Figure 2.. Gliotransmission in the epileptic brain

(1) Glutamate or ATP derived from neurons, astrocytes or microglia trigger an increase in the intracellular Ca²⁺ concentration [Ca²⁺]_i in astrocytes, which promotes the release of gliotransmitters. (2) Glutamate released by astrocytes activates extrasynaptic neuronal GluNRs and mGluRs, thereby increasing presynaptic release probability (Pr) and postsynaptic excitability. (3) Astrocytic ATP release evoked by elevated [Ca²⁺]_i levels or activation of cytokine receptors lead to autocrine or paracrine activation of P2YRs, resulting in potentiation and intercellular propagation of astrocytic Ca²⁺ signals. It also triggers microglial activation and release of pro-inflammatory cytokines through activation of microglial P2X7 and/or P2Y1Rs. (4) Extracellular ATP is rapidly hydrolysed by ectonucleotidases to adenosine, with the latter targeting pre- and postsynaptic A1Rs to decrease neuronal excitability. (5) Epileptic activity triggers astrocytic GABA production via decarboxylation of glutamate by glutamate decarboxylase (GAD) and degradation of putrescine by monoamine oxidase B (MAO-B). Upon release into the extracellular space, GABA activates extrasynaptic GABA_ARs on excitatory neurons and elicits tonic inhibitory Cl⁻ currents, which attenuates neuronal excitability. Abbreviations: GluAR – α-amino-3-hydroxy-5-methyl-4-isoxazolepropionic acid receptor; ER – endoplasmic reticulum; GABA_AR – γ-aminobutyric acid receptor; IL– interleukin; IP₃ – inositol 1,4,5-trisphosphate; NLRP3 – NLR family pyrin domain containing 3; GluNR – N-methyl-d-aspartate receptor; TGF-β – transforming growth factor β; TNFα – tumor necrosis factor α; TNFR1 – tumor necrosis factor α receptor 1.
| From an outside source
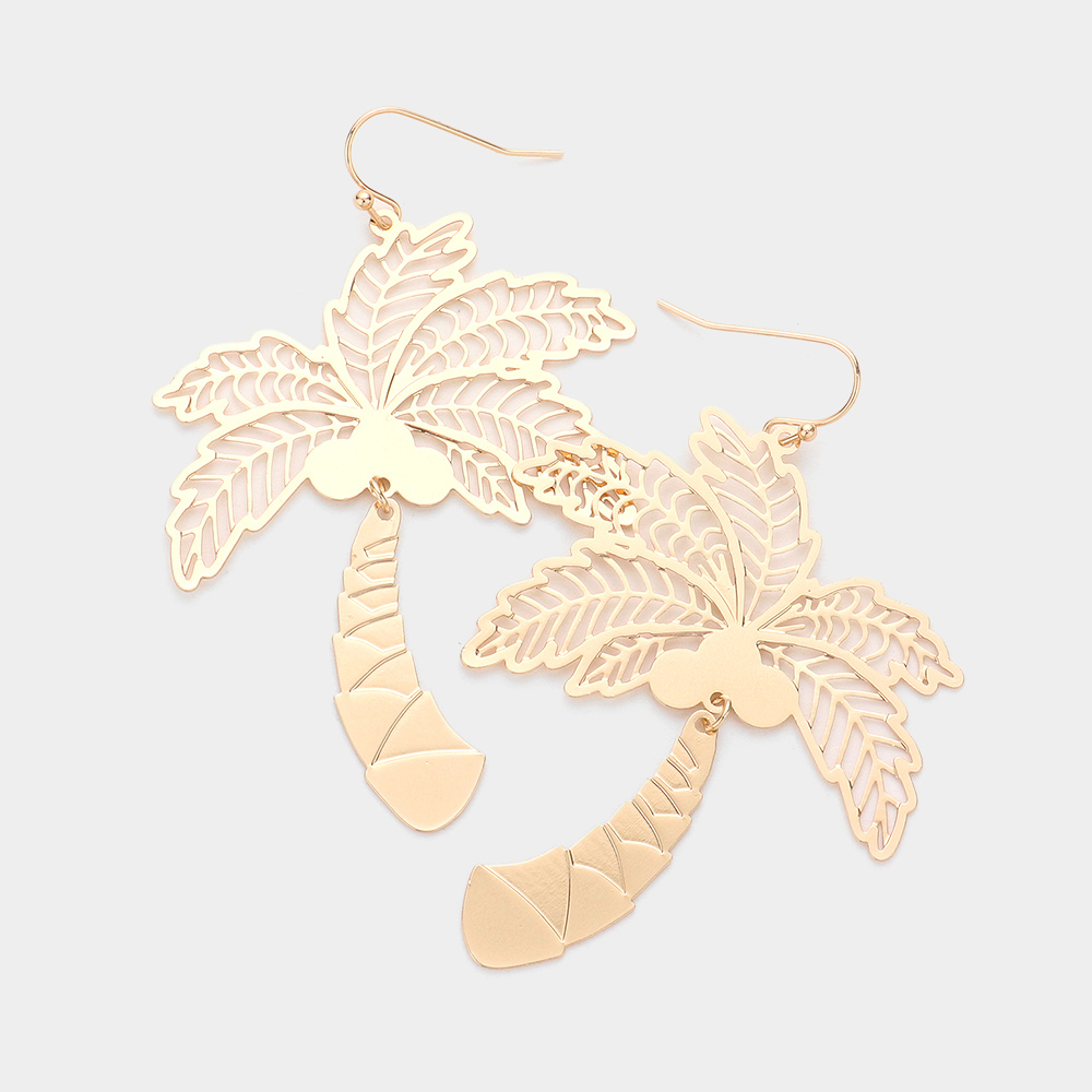 Antique Metal Abalone Palm Tree Dangle Earrings

Figure 3.. Key mechanisms through which metabolic dysfunction in astrocytes contributes to increased neuronal excitability

Changes in key metabolic enzymes or transporters lead to an imbalance in the key neurotransmitters and neuromodulators glutamate, glutamine, GABA, and adenosine. Glycolysis can lead to the formation of lactate, which is a key energy metabolite for neurons supplied by the astrocyte neuron lactate shuttle. Adenosine in the cell nucleus, regulated by ADK-L contributes to epigenetic reprogramming as driver of the epileptogenic process. Consequently, metabolic therapies, such as ketogenic diet, glucose restriction, adenosine, and ketones can reduce epileptic activity through multiple mechanisms. Abbreviations: ADO – adenosine; ADK-L – long isoform of adenosine kinase; ADK-S – short isoform of adenosine kinase; ANLS – astrocyte neuron lactate shuttle; A1R – adenosine A1 receptor; DNA-CH3 – DNA methylation; Gln – glutamine; GLT-1 – astroglial glutamate transporter 1; Glu – glutamate; GS – glutamine synthetase; KD – ketogenic diet; LDH – lactate dehydrogenase.
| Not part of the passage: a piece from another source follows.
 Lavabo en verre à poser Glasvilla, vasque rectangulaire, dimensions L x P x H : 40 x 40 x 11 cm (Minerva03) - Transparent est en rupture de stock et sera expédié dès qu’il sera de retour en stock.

Figure 4.. Imaging modalities and biofluids fingerprint of astrocyte reactivity

Brain imaging using proton magnetic resonance spectroscopy (¹H-MRS) and positron emission tomography (PET) are minimally invasive tools to monitor astrocyte activation in vivo by targeting molecular markers enriched in reactive astrocytes, namely myo-Inositol, adenosine 2A receptors (A_2AR), imidazoline₂ binding sites (I₂BS), monoamine-oxidase B (MAO-B). Additionally, analysis of circulating markers of astrocytes such as GFAP and S100β in blood or CSF may provide an index of astrocyte reactivity or injury. These astrocyte-related biomarkers may help to identify epileptic foci, to monitor epileptogenesis or the effect of therapies.